“You mean this whole room is just for—?”
“That’s right. These are the births since January, Nineteen Seventy-three. New York is a very fertile place. Follow me. Nineteen Seventy-five is at the end of the hall.”
As they passed into the far end of the corridor, a wing opened up to view, and along the entire wall were ceiling-high metal cabinets, gray and green, with stepladders available in front. Janice paused. The vista was depressing, even overwhelming. If each cabinet was full, Janice reasoned, then the accumulated total of births would have to exceed a hundred thousand.
“Well, grab yourself a bunch of patience. This is Nineteen Seventy-five. What month was the infant born?”
“February.”
The girl strolled to the western bank of cabinets, where the front labels read “February.”
“What day?”
“The 3rd.”
“Okay, that’s your drawer up there. Get yourself a ladder. What it is, is a cross-index to registration number; you can go to the main bank behind my desk and look up the infant.”
Janice stared upward at the huge files, the dusty metal still showing where old tape had been affixed, torn away, and never washed. “How many numbers are in one drawer?”
“Never counted. I would imagine quite a few thousand. Like I said. New York must be a busy place at night. Good luck.”
The girl walked slowly back up the corridor, leaving Janice to wonder whether she was supposed to remove the drawer or take a note pad up to it. The answer was solved for her when it became clear that the drawer was permanently attached to its runners. Janice climbed back down, retrieved a pen and note pad from her purse, and climbed back up the stepladder. Perusing through the cards to find the beginning of the February 3 entries, she discovered to her dismay that each card was coated with scores of registrations, all entered in the most minuscule type she had ever seen. Worse, the entries had been accumulated in order of registration number and not time of birth, so that she would have to go through what conservatively looked like at least four thousand different numbers.
“Jesus Christ, Bill,” she moaned aloud.
After each number was the sex of the child, the exact time of delivery, family name, and two cross-reference numbers that made no sense to her.
With a deep intake of breath, Janice leaned forward, peered into the first card and began. The numbers were so small, the type so cramped, that though she squinted, it began to blur into a mass of tangled lines. It helped for her to close one eye.
After ten minutes, Janice found it easier simply to run her finger down the “Time” column, and if it read “10” on the hour, she stopped. Then she checked the AM or PM symbol behind it. If it was AM, she carefully examined the minute column. In this way, she rapidly dispensed with hundreds of numbers.
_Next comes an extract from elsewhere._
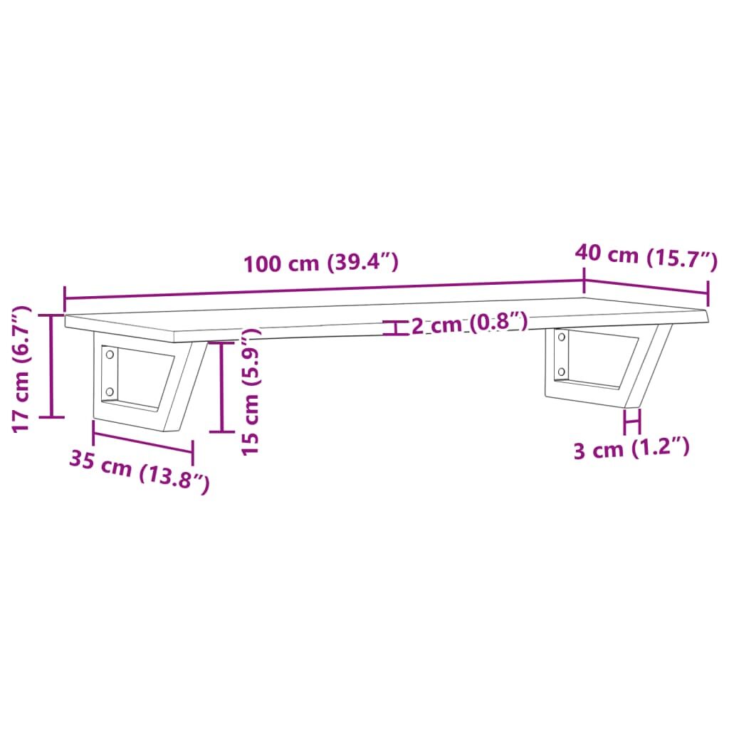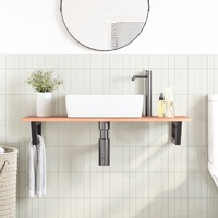 The wall mounted basin shelf securely attaches to the wall, providing an elegant and space-saving solution for your bathroom. Sturdy and long-lasting: This basin shelf is combined with a steel structure and a solid oak wood top, making it sturdy, stable, and long-lasting.Space-saving: The floating basin shelf has ample space to store creams and small items. Thanks to the trapezium shape, you can hang towels or other things on the support to save space.Easy to use: The countertop comes undrilled to allow the basin to be mounted on the left, right, or in the centre, depending on your room's requirements. Thanks to the pre-drilled holes in the holder, it can be easily assembled with the tabletop and mounted on the wall.Wide applications: Thanks to its modern design, it provides additional space for various types of bathrooms. Good to know:Screws are not included, you can purchase the screws separately based on the information provided below.Wall attachment: 2 pcs M8 expansion screws per bracketWooden top: 2 pcs M5x18 screws (T=2) or 2 pcs M5x20 screws (T=2.5/4cm) per bracketAs a natural product, wood may show knots and imperfections that we fill with black fillings to ensure a smooth appearance.

She rested her eyes. Shifting weight, she began again, with a new burst of enthusiasm. Half an hour went by, close to eight hundred registrations, until water film began forming like tears in her eyelids, but the closest she came to Ivy’s death instant was 10:50 in the morning.
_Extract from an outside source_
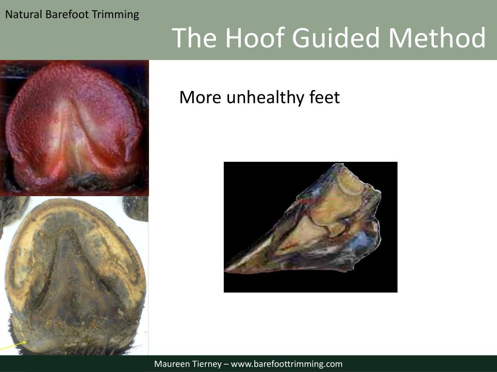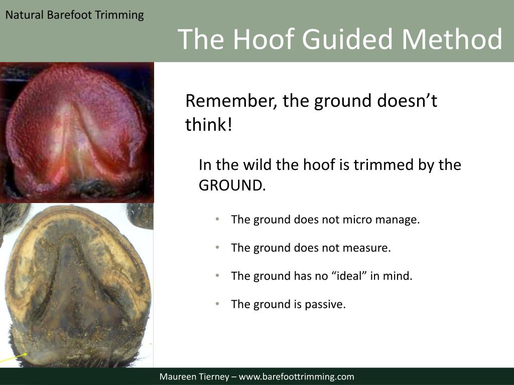 Natural Barefoot Trimming The Hoof Guided Method The hoof reacts to conditions – both external and internal The hoof is not static, it is DYNAMIC and can effect change in a very short amount of time, and in ways we would never imagine. Maureen Tierney – www.barefoottrimming.com

“Big job,” commented the girl below her.
“What?”
The girl held up two mugs of steaming coffee.
“Take a break. Have some coffee. Then I’ll give you a hand. My name is Cathy.”
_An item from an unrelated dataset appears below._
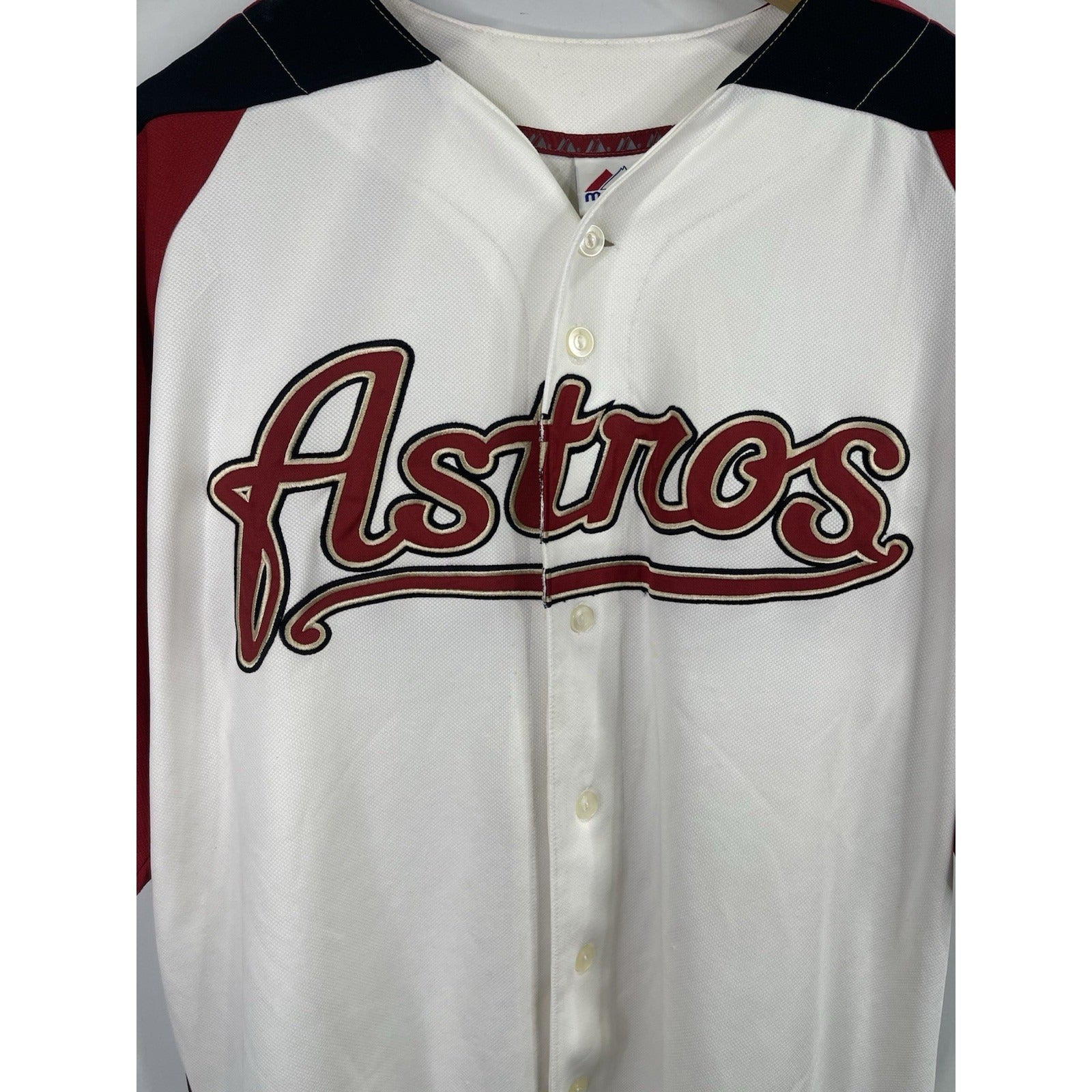 This product is a majestic men's Houston Astros 2000's white/red jersey in size XL. It is officially licensed by Major League Baseball (MLB) and features the Houston Astros team logo. The jersey is perfect for fans of the team looking to show their support and represent their favorite Major League Baseball club during game days or casual outings. The white color and official team branding make it a stylish and comfortable option for any baseball fan.

“That’s awfully kind of you,” Janice said.
She stepped gratefully down from the ladder and accepted a mug. Cathy smiled.
“I had no idea it would be like this,” Janice confessed. “I imagined it would be like checking a book out in a library.”
“It’s a real labyrinth here,” Cathy admitted.
Now Janice became aware of the extraordinary dimensions of the combined halls, and the fact that they were the only two people in it, dwarfed by tons of records.
“You looking for somebody you know?” Cathy asked.
“Not exactly.”
“Lots of mothers, they come here, looking for the kids they’ve given to adoption.”
“It’s not my own child I’m looking for.”
“You sure? Cause it’s not my business and I’d be fired for saying this, but that sort of thing just gets ugly and there’s no way it can succeed.”
“Well, I promise you, that’s not what I’m here for,” Janice said.
“Lots of times we have people from NYU or Columbia doing research. You a college person?”
“No.”
“Writer?”
“Not that, either.”
“Well, I got to admit, you got me really curious.”
Janice laughed, but she became uncomfortable under Cathy’s scrutiny.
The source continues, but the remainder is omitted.